Task requirements
Some entries follow. Reproduce exactly the lines starting at the one with "Square neck smocked" and stopping after the one with "밑바닥 한 쪽 면에는".

Given information
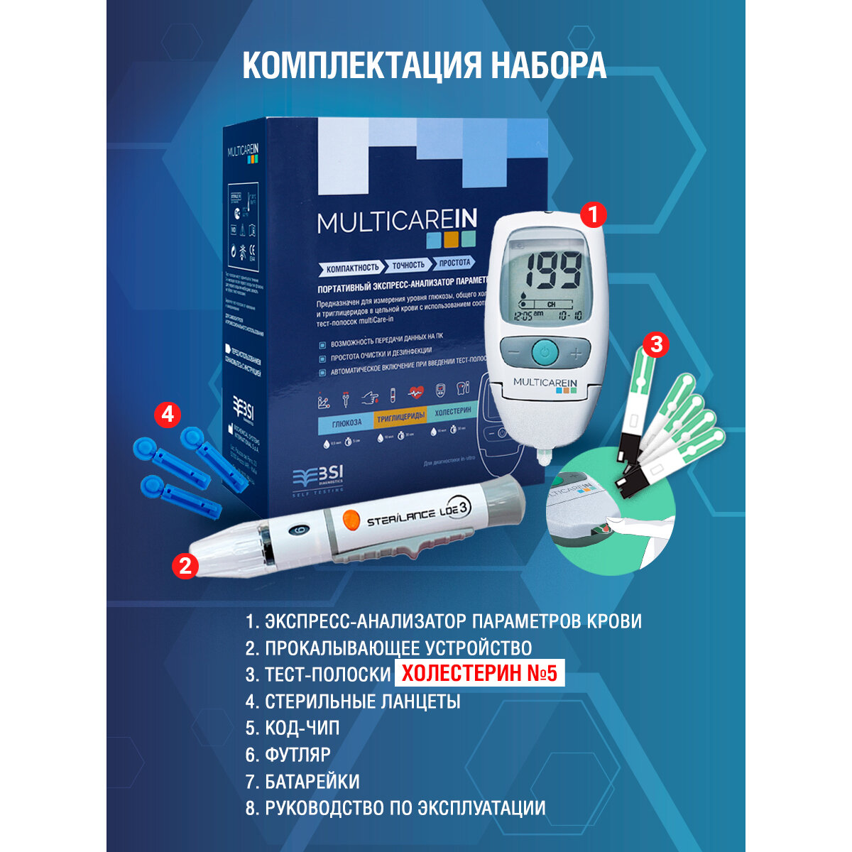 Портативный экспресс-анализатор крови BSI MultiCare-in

* * *

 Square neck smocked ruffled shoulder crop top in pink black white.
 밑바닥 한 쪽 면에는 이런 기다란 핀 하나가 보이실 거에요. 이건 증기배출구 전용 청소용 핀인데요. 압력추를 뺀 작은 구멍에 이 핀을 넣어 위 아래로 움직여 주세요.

--

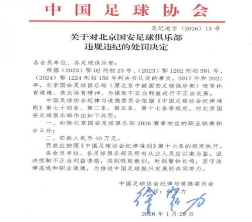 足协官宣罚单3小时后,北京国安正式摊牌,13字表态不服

Reply
 Square neck smocked ruffled shoulder crop top in pink black white.
 밑바닥 한 쪽 면에는 이런 기다란 핀 하나가 보이실 거에요. 이건 증기배출구 전용 청소용 핀인데요. 압력추를 뺀 작은 구멍에 이 핀을 넣어 위 아래로 움직여 주세요.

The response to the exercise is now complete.